**DATA**
****

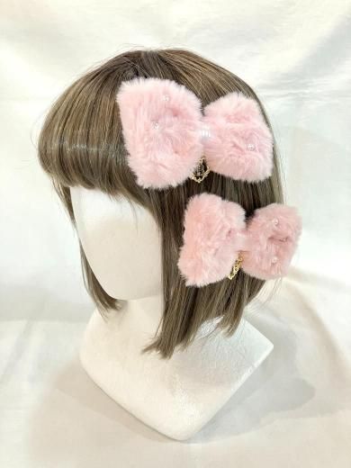 ファーリボンにクリスタルやパール、ミニプリンセスドロップでデコレーションしています。
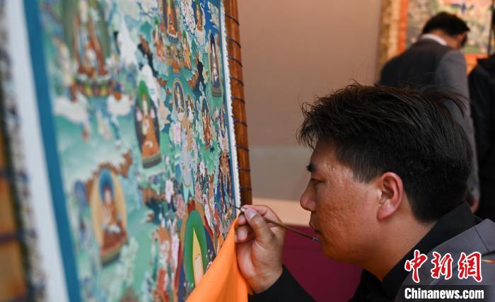 圖為活動(dòng)現(xiàn)場(chǎng),唐卡畫(huà)師展示唐卡繪制。趙朗 攝
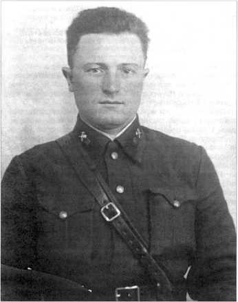 Младший воентехник войск НКВД П.Г. Игнатенко. Планка гимнастерки с открытыми пуговицами, карманы с широкими бантовыми складками. Узкий ремешок параллельно портупейному служит для подвешивания палетки-планшетки. Около 1940 г.

****

**YOUR ASSIGNMENT**
Nothing but an exact transcription of the material, without pictures, should be returned.

**ANSWER SPACE**
 ファーリボンにクリスタルやパール、ミニプリンセスドロップでデコレーションしています。
 圖為活動(dòng)現(xiàn)場(chǎng),唐卡畫(huà)師展示唐卡繪制。趙朗 攝
 Младший воентехник войск НКВД П.Г. Игнатенко. Планка гимнастерки с открытыми пуговицами, карманы с широкими бантовыми складками. Узкий ремешок параллельно портупейному служит для подвешивания палетки-планшетки. Около 1940 г.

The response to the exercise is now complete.